DATA BLOCK |
____
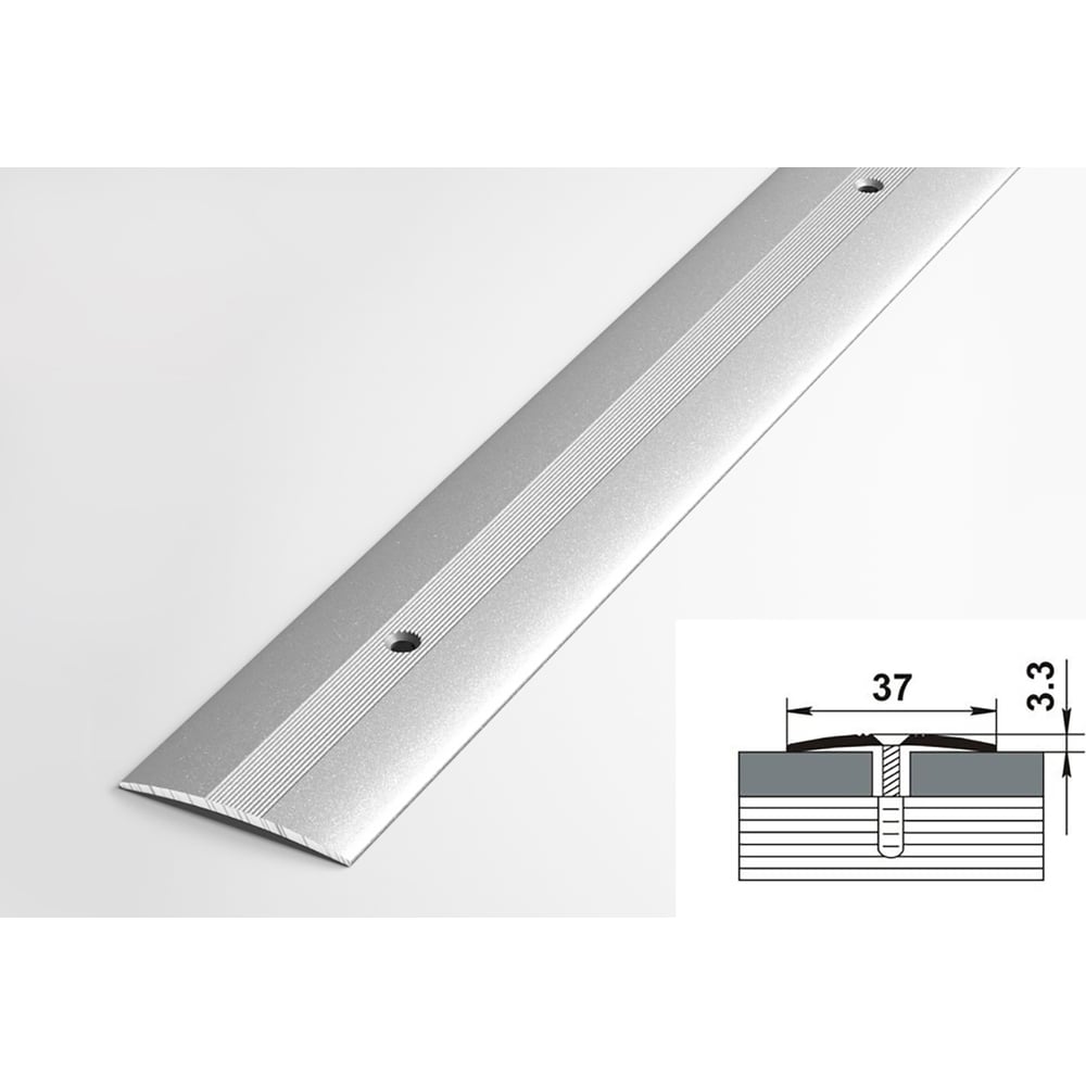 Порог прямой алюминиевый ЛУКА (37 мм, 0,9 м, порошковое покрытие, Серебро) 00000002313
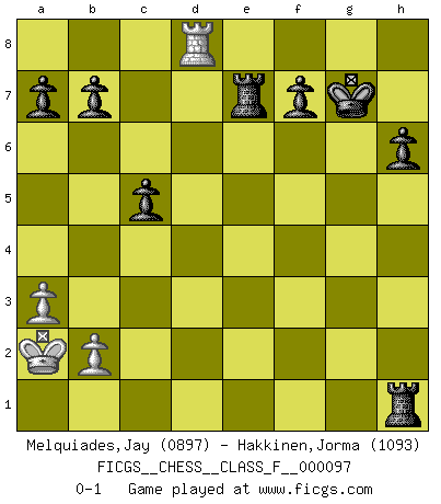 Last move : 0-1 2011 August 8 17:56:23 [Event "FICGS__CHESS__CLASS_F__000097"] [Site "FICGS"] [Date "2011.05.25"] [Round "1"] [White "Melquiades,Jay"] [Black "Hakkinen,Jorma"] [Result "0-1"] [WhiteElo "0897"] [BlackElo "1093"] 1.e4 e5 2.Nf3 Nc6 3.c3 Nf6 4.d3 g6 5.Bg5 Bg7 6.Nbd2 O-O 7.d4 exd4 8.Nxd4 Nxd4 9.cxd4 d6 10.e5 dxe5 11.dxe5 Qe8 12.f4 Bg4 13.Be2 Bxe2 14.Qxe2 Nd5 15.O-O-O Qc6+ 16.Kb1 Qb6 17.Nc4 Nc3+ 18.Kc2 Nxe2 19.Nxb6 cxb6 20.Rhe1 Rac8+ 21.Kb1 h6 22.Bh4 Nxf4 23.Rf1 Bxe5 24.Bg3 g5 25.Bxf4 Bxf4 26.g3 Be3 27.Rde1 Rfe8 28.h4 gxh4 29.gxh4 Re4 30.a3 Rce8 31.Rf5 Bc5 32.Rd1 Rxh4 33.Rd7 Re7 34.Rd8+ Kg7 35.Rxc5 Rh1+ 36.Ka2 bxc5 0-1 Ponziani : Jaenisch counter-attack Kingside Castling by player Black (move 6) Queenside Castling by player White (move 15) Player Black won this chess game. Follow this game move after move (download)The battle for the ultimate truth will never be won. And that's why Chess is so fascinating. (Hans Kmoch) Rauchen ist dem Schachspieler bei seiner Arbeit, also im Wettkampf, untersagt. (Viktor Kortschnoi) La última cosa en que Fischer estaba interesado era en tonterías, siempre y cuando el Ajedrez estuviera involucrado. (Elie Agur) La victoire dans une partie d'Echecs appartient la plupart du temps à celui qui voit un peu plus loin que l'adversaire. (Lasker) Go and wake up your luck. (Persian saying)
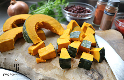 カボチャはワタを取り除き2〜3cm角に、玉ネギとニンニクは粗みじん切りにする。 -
____
Give back the listing exactly, with the pictures removed.

 Порог прямой алюминиевый ЛУКА (37 мм, 0,9 м, порошковое покрытие, Серебро) 00000002313
 Last move : 0-1 2011 August 8 17:56:23 [Event "FICGS__CHESS__CLASS_F__000097"] [Site "FICGS"] [Date "2011.05.25"] [Round "1"] [White "Melquiades,Jay"] [Black "Hakkinen,Jorma"] [Result "0-1"] [WhiteElo "0897"] [BlackElo "1093"] 1.e4 e5 2.Nf3 Nc6 3.c3 Nf6 4.d3 g6 5.Bg5 Bg7 6.Nbd2 O-O 7.d4 exd4 8.Nxd4 Nxd4 9.cxd4 d6 10.e5 dxe5 11.dxe5 Qe8 12.f4 Bg4 13.Be2 Bxe2 14.Qxe2 Nd5 15.O-O-O Qc6+ 16.Kb1 Qb6 17.Nc4 Nc3+ 18.Kc2 Nxe2 19.Nxb6 cxb6 20.Rhe1 Rac8+ 21.Kb1 h6 22.Bh4 Nxf4 23.Rf1 Bxe5 24.Bg3 g5 25.Bxf4 Bxf4 26.g3 Be3 27.Rde1 Rfe8 28.h4 gxh4 29.gxh4 Re4 30.a3 Rce8 31.Rf5 Bc5 32.Rd1 Rxh4 33.Rd7 Re7 34.Rd8+ Kg7 35.Rxc5 Rh1+ 36.Ka2 bxc5 0-1 Ponziani : Jaenisch counter-attack Kingside Castling by player Black (move 6) Queenside Castling by player White (move 15) Player Black won this chess game. Follow this game move after move (download)The battle for the ultimate truth will never be won. And that's why Chess is so fascinating. (Hans Kmoch) Rauchen ist dem Schachspieler bei seiner Arbeit, also im Wettkampf, untersagt. (Viktor Kortschnoi) La última cosa en que Fischer estaba interesado era en tonterías, siempre y cuando el Ajedrez estuviera involucrado. (Elie Agur) La victoire dans une partie d'Echecs appartient la plupart du temps à celui qui voit un peu plus loin que l'adversaire. (Lasker) Go and wake up your luck. (Persian saying)
 カボチャはワタを取り除き2〜3cm角に、玉ネギとニンニクは粗みじん切りにする。 -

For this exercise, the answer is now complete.